● What to produce
Restrict the output to the lines below starting at the one that contains "Акумулаторен ударен гайковерт" and ending at the one that contains "Волонтери приводять конкретні", and restate them word for word, both ends included.
━━ Exercise input
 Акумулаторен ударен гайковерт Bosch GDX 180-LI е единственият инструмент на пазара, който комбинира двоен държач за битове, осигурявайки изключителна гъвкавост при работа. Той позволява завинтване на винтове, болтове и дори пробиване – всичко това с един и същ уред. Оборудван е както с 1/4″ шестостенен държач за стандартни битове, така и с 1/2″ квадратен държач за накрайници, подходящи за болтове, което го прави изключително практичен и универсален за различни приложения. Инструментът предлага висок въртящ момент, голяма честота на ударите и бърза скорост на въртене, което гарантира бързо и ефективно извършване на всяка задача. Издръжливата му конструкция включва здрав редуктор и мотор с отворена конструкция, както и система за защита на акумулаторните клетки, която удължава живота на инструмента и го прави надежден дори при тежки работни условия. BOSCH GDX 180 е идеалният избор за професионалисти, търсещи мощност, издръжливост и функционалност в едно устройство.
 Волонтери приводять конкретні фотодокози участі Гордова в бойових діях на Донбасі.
━━━━
━━ Exercise input
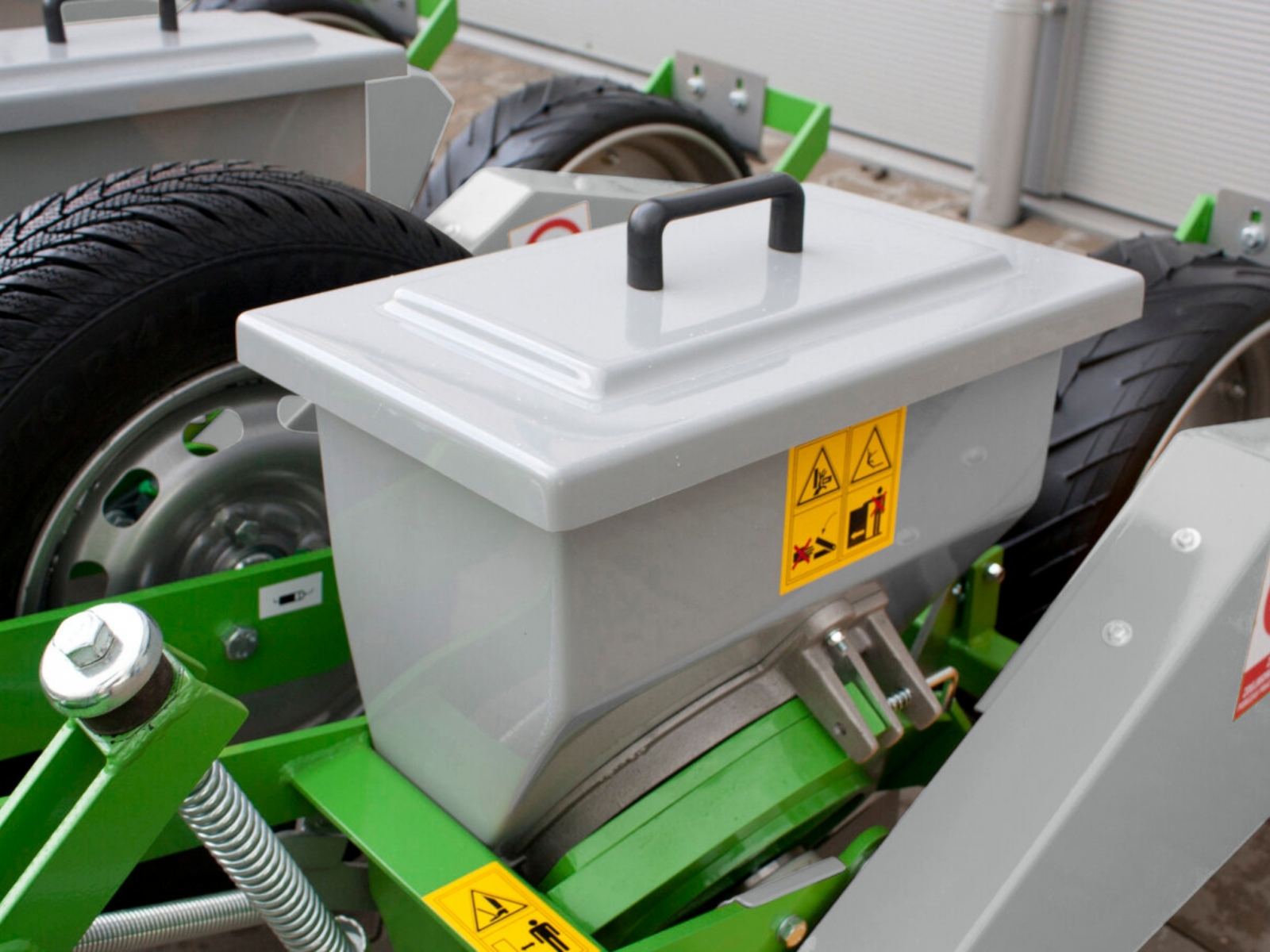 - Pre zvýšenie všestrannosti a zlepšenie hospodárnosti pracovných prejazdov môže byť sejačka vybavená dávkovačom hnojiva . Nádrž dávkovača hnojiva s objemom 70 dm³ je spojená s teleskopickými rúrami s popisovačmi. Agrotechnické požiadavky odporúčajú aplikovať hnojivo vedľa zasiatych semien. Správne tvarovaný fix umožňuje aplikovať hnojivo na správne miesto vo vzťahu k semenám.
━━━━
● Output of the task
 Акумулаторен ударен гайковерт Bosch GDX 180-LI е единственият инструмент на пазара, който комбинира двоен държач за битове, осигурявайки изключителна гъвкавост при работа. Той позволява завинтване на винтове, болтове и дори пробиване – всичко това с един и същ уред. Оборудван е както с 1/4″ шестостенен държач за стандартни битове, така и с 1/2″ квадратен държач за накрайници, подходящи за болтове, което го прави изключително практичен и универсален за различни приложения. Инструментът предлага висок въртящ момент, голяма честота на ударите и бърза скорост на въртене, което гарантира бързо и ефективно извършване на всяка задача. Издръжливата му конструкция включва здрав редуктор и мотор с отворена конструкция, както и система за защита на акумулаторните клетки, която удължава живота на инструмента и го прави надежден дори при тежки работни условия. BOSCH GDX 180 е идеалният избор за професионалисти, търсещи мощност, издръжливост и функционалност в едно устройство.
 Волонтери приводять конкретні фотодокози участі Гордова в бойових діях на Донбасі.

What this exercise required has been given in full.